It is not an Eth2 beacon chain, where 66% control would literally allow to "print money out of nothing".

Jacek-ghub Nov 3, 2021

Given the combativeness of your post, I am concerned that I'm being bated into a endless debate when I should be focused on other things, but I'm going to give this a shot anyways.

Sure, my post could be seen as combative, or rather written by an angry user. So, you could start with trying to understand where the anger comes from. Instead, you have decided to project what you do (e.g., what followed in your reply) on me.

Also, I really appreciate that you took your precious time to respond. However, you could also try to respect the fact that you basically owe responses/updates to Chia community, as we farmers are overwhelmed with issues (ignored by your side) that your software has. Your $700 million network is run by us, farmers.

With that said, as you tried to keep at least part of your answers light, let me also try to start like that.

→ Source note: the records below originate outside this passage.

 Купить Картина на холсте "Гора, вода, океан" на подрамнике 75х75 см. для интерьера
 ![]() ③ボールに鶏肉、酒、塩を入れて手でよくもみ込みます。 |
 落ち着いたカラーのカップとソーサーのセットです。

You would be surprised, but I was in charge of architecting P2P telephony network, and thus I was also working on simulating it. So, I am really grateful for the offer to be considered. However, what we did is not just simulating that network, but we also produced guidance for phone (node) requirements. That was easily done by starting with one node, and simulating several peers, where we could control the behavior of those simulating peers. The rest was just an extrapolation of our results, and it held rather well. That implies that you do not quite understand the difference between the node and the network simulation/testing, so maybe I am a bit overqualified here.

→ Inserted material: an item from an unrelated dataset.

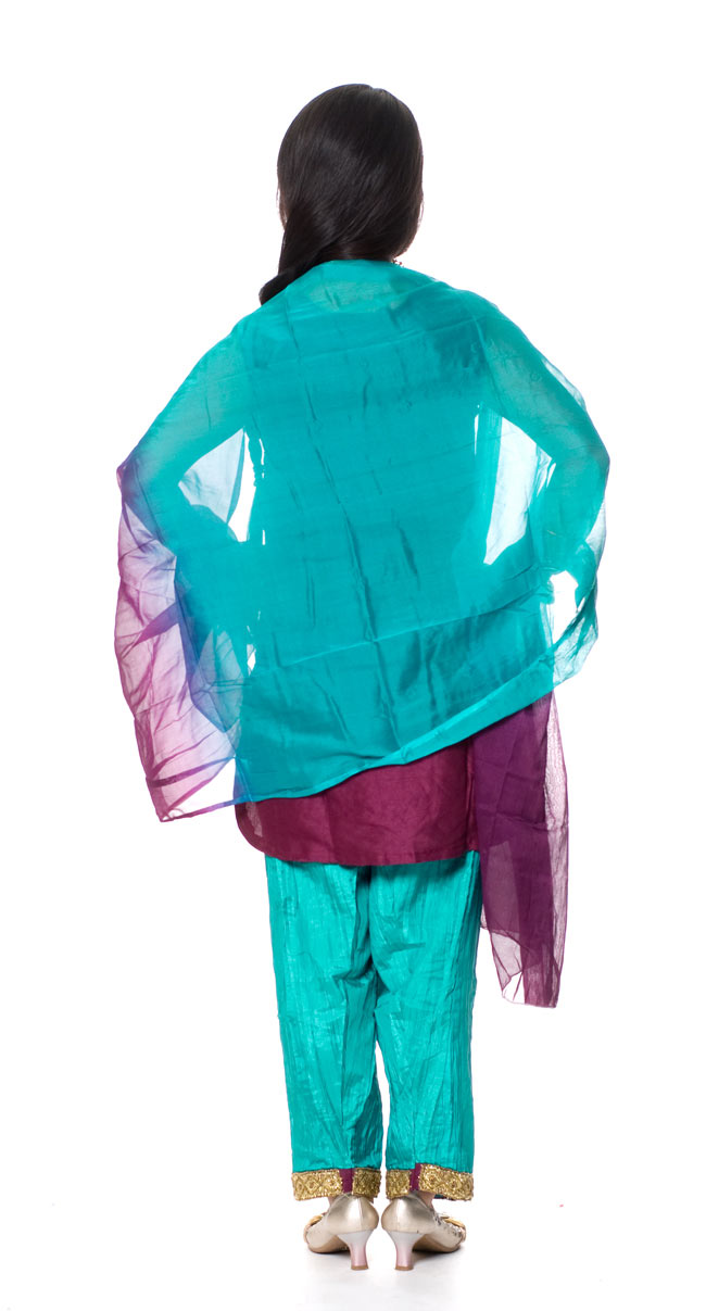 パンジャビ・ドレス3点セット - えんじ×エメラルド

As far as my anger, as much as I can, I am helping other farmers with their issues. Things are repeating with every single update, and every other new user.

Most problems that I see are due to blockchain corruption. That happens on chia shutdowns, where Chia processes are losing synchronization, and not doing clean shutdowns, i.e., db owning processes just crashes (or is killed on reboot) without cleanly closing blockchain/wallet db. That was reported maybe in May, was on github Issues page, and as other things got ignored. You have just confirmed, that so far, that was MO for Chia (ignore all issues). I still think that you should do a simple tool that would check db integrity, as as far as I can tell, even if Chia software is running (seemingly) fine, that db corruption Is there. Potentially that problem is exacerbated during updates. Also, all other forks are offering blockchain db downloads, to speed up synchronization. That is another thing that would potentially help with cleaning up those dbs.

Next big problem for me are logs. Of course, better documentation would help, but I would also encourage Chia, not just to flag entries with ERROR/WARN/INFO, but rather use a bitmask for those, plus add DEBUG/ALL levels as well. This way, farmers could dis-/enable some of those (not just go up/down a level), especially those that are purely meant to be developer logs. (A good example of such DEBUG log entry could be notification about peers barfing, as for P2P protocol that is just how it works, not really a concern). That was also brought up on github Issues page, but was way over the head for that guy to understand, or maybe as you stated – why bother approach. Logs are not really helping with performance, and under stress there are more logs, thus further degrading/overwhelming the systems.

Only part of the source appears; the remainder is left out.